DATA BLOCK:

= Beginning of Section =

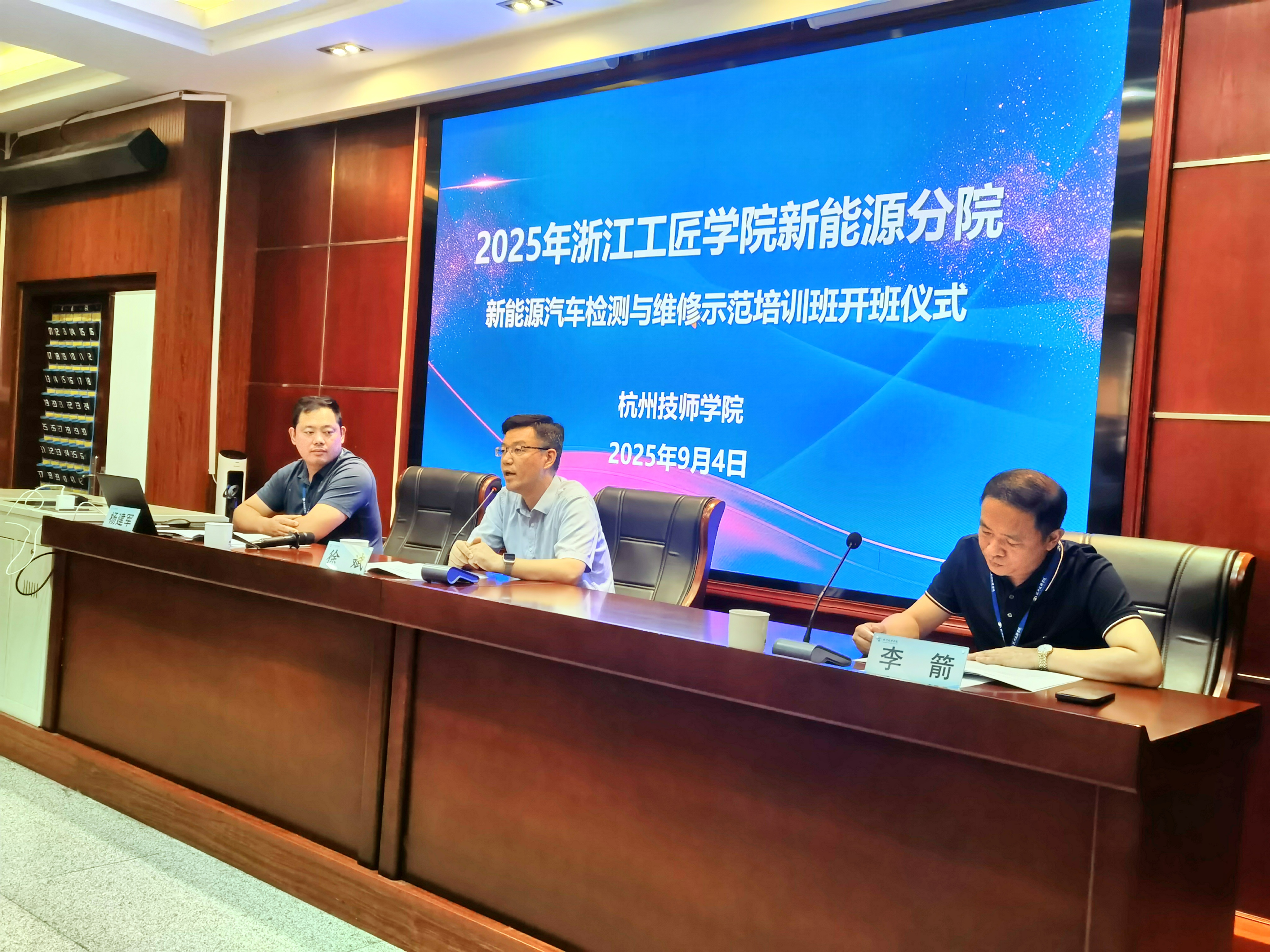 9月4日上午,浙江工匠学院新能源汽车检测与维修示范培训班在桐庐开班。浙江省总工会干部学校(浙江工匠学院)党委委员、副校长徐斌讲话,杭州技师学院校长李箭致辞,开班式由杭州技师学院继续教育学院院长杨建军主持,全省近50名学员参加培训。
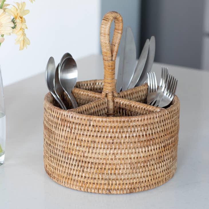 -The tight weave of our rattan cutlery holder/caddy will allow you to take it anywhere and store not only your silverware but anything else such as art supplies, sewing kits, or to help reduce the clutter on your desk.
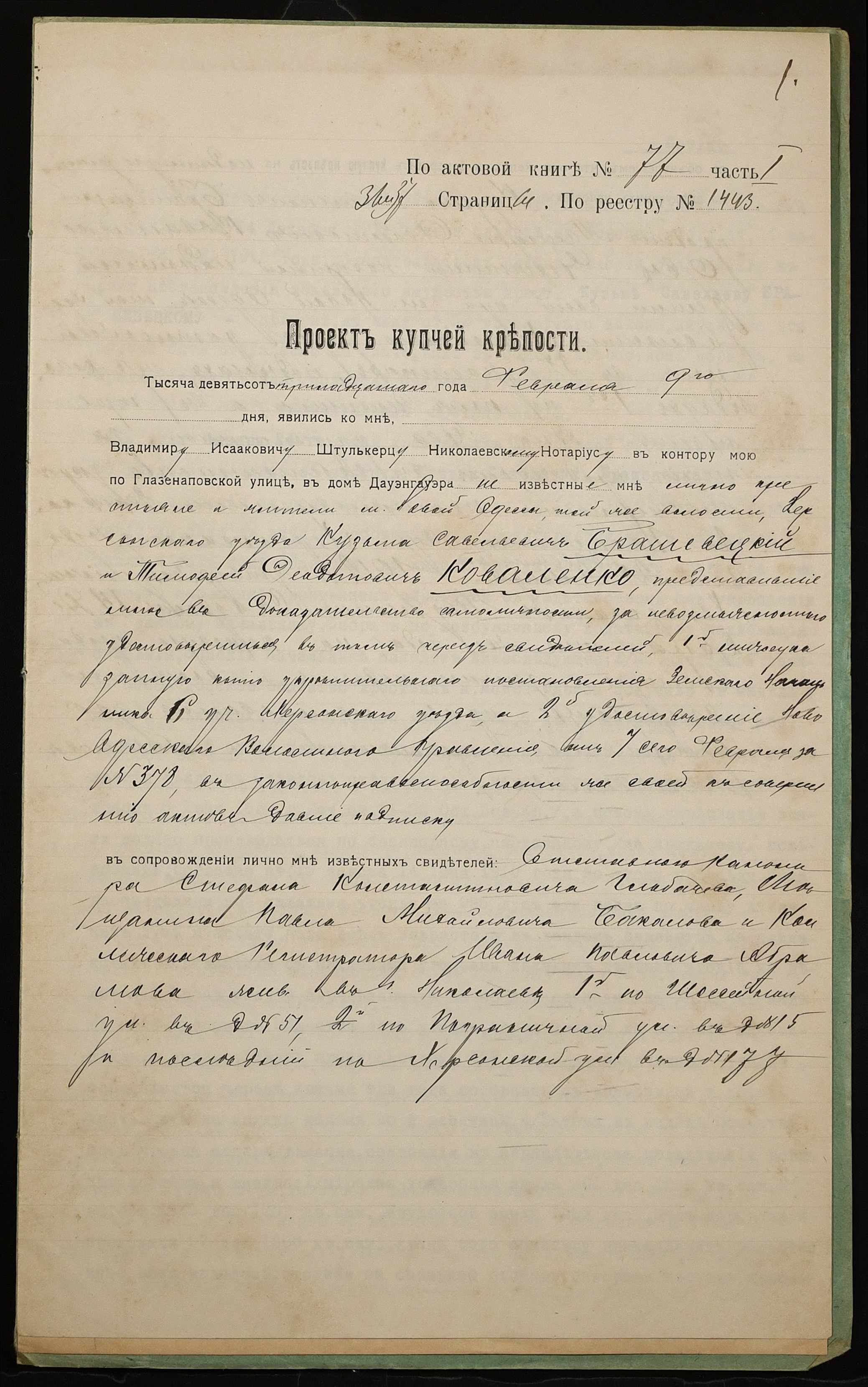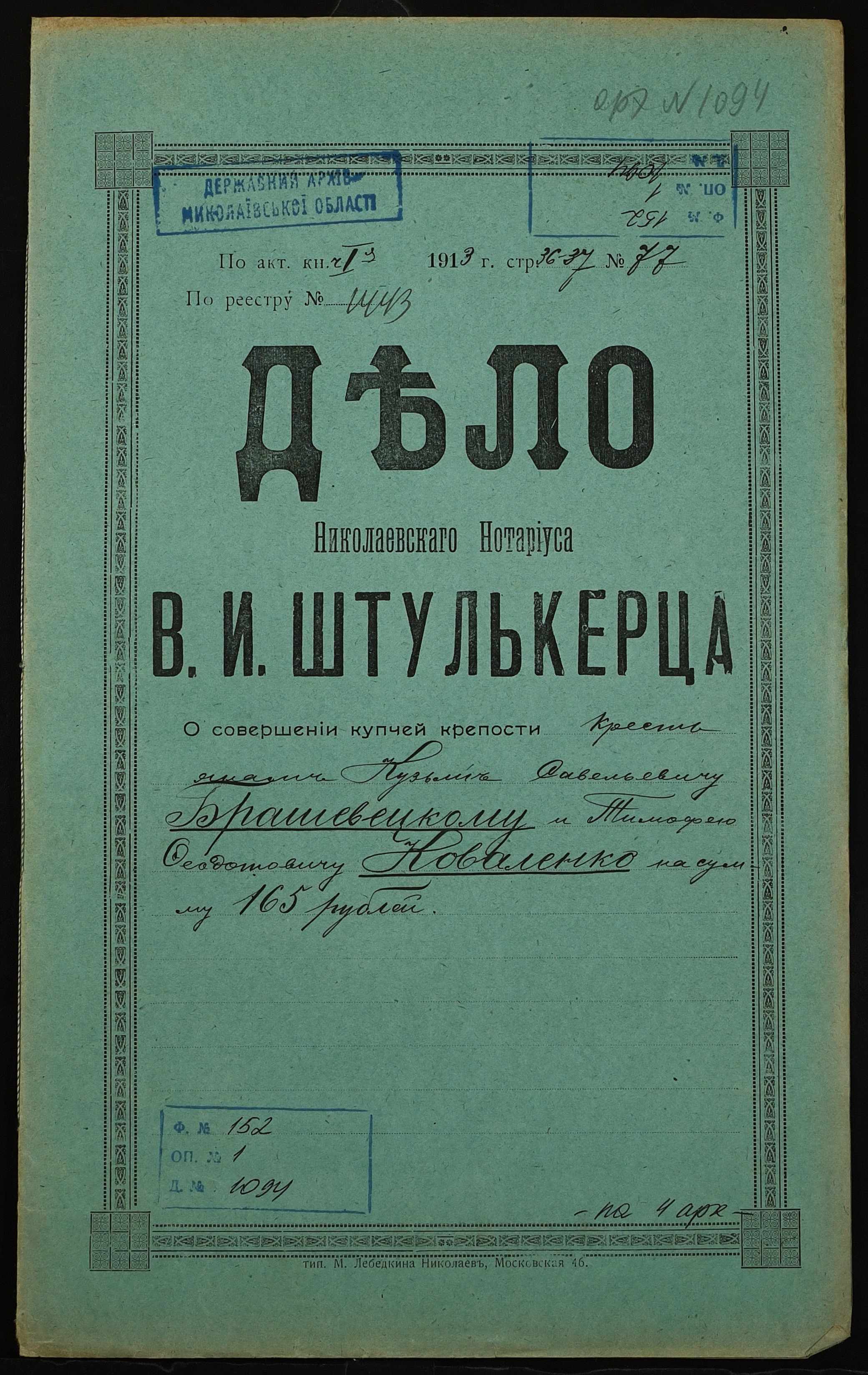 • • • • Справа № 1094 “Справа про вчинення купчої про продаж землі селянином Брашевецьким Кирилом Савелійовичем (Брашевецким Кириллом Савельевичем) на користь селянина Коваленка Тимофія Федотовича (Коваленко Тимофея Федотовича)”

= End of Section =

EXERCISE AIM:
Keep the pictures out while you retype all of the data above exactly as it appears.

ANSWER SECTION:
 9月4日上午,浙江工匠学院新能源汽车检测与维修示范培训班在桐庐开班。浙江省总工会干部学校(浙江工匠学院)党委委员、副校长徐斌讲话,杭州技师学院校长李箭致辞,开班式由杭州技师学院继续教育学院院长杨建军主持,全省近50名学员参加培训。
 -The tight weave of our rattan cutlery holder/caddy will allow you to take it anywhere and store not only your silverware but anything else such as art supplies, sewing kits, or to help reduce the clutter on your desk.
 • • • • Справа № 1094 “Справа про вчинення купчої про продаж землі селянином Брашевецьким Кирилом Савелійовичем (Брашевецким Кириллом Савельевичем) на користь селянина Коваленка Тимофія Федотовича (Коваленко Тимофея Федотовича)”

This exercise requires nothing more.